Thanks so much ladies, I’m really touched, sorry to bring the thread down
I’ve stopped the IVF meds and just really hoping I get a proper bleed. After my fresh cycle in May I grew 11mm of lining but didn’t have a proper bleed - just black clots and brown spotting. Scans showed it had thinned (and HyCoSy showed no sign of retrograde menstruation back down my tubes) so it had somehow absorbed 
Hoping if I’ve stopped the progesterone yesterday I will get some kind of period next week. The hCG was low so there can’t be much to pass, I’d have thought?
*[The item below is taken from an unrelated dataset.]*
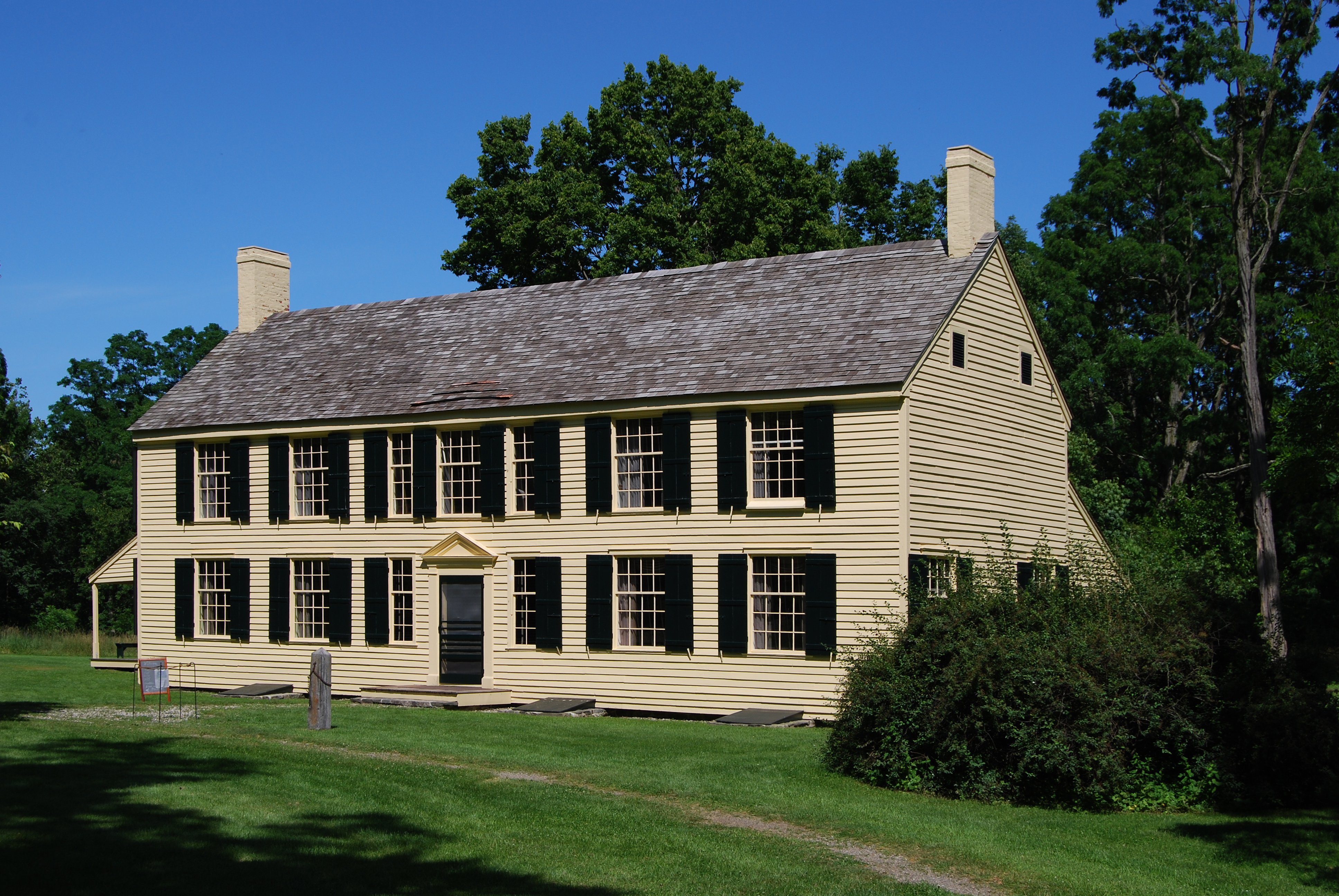 House of Major General of the Continental Army Philip Schuyler, part of the Saratoga National Historic Park
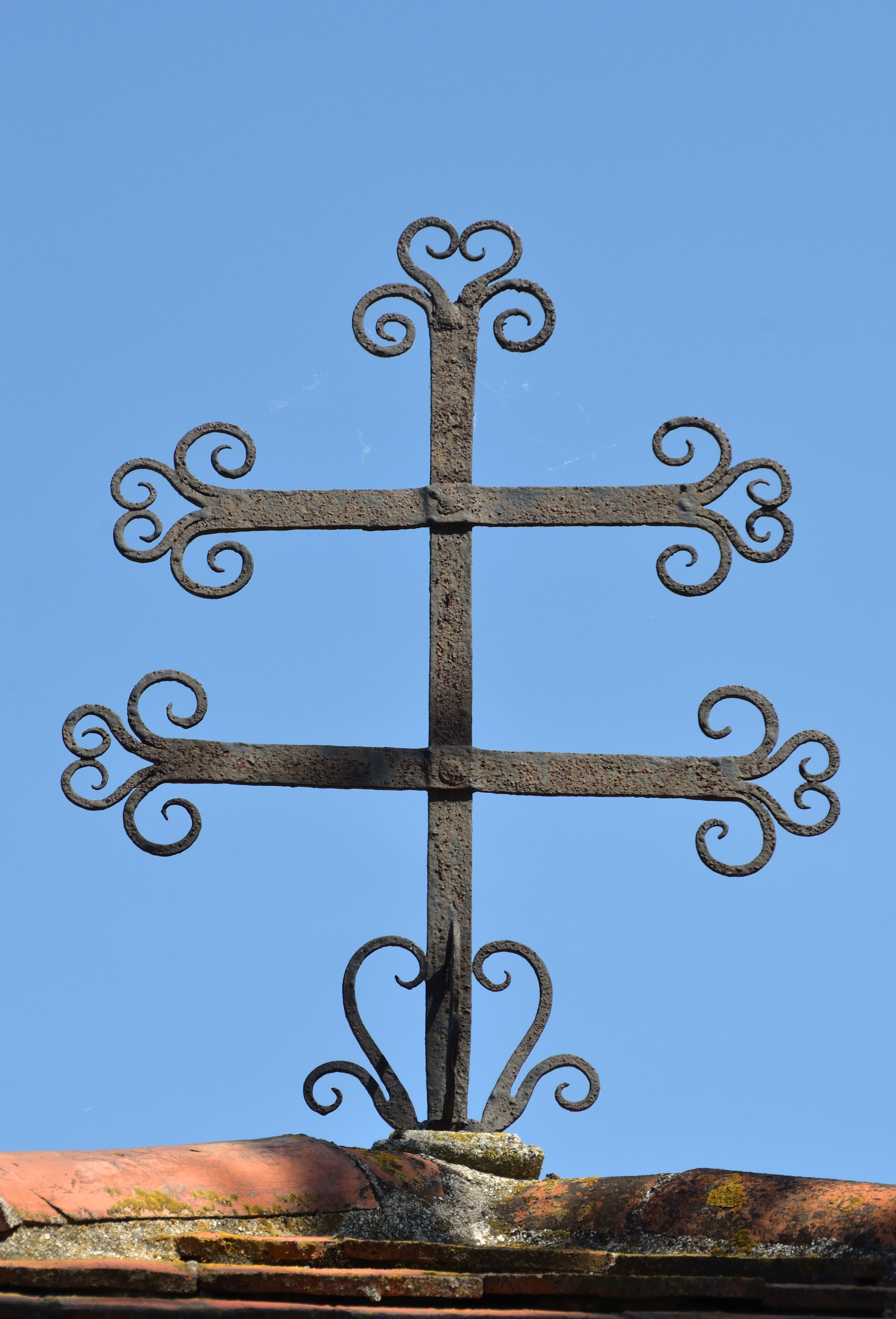 The wayside shrine Annakreuz at Walpersdorf, municipality of Inzersdorf-Getzersdorf, Lower Austria, is protected as a cultural heritage monument. It was erected after being saved from lightning.

Follow up consult is arranged for a week on Friday - hopefully I’ll have had a bleed by then, but if not then we can see what’s going on when he scans me and take it from there. He’s put us in for the last appt of the day so we can take as much time as we need, he said he wanted to meet up so we could review everything step by step, and discuss where we go from here
The broad plan will be another hysteroscopy to check out the uterine environment. We had discussed putting in a copper IUD for 1-2 months to help support the endometrium, but this is TBC, to be discussed when we meet. If I get a bleed then I will restart progynova on day 2, to start to prepare the lining for a hysto & potentially a coil. I’d also taken him some studies about the use of another drug, a vasodilator called pentoxifylline, alongside estrogen therapy in women with very thin endometrium, to prepare the lining for a treatment cycle. So if I get a proper bleed, I’ll start this as well.
If I don’t get a proper bleed that’ll be a pretty important diagnostic tbh (as well as the quality of whatever bleed I do get)
I don’t think I will be able to cycle again for a while, as we really need to work on the endometrium - we can’t keep doing rounds of stims with EC just to put back a frostie, and we need to get me menstruating properly. Ideally if we do the IUD plan I imagine we’d want to have another crack at a dummy medicated FET, to see if I respond better to HRT. We’d also mooted the idea of a Tamoxifen cycle, so that’s on my ever-growing list of questions
Again I can only imagine the anxiety you must feel after what you’ve been through. I’m really glad your hospital have sat up and taken stock of what happened to make sure lessons are learned when (not if) you get pregnant again. Have yu been able to access counselling support or similar?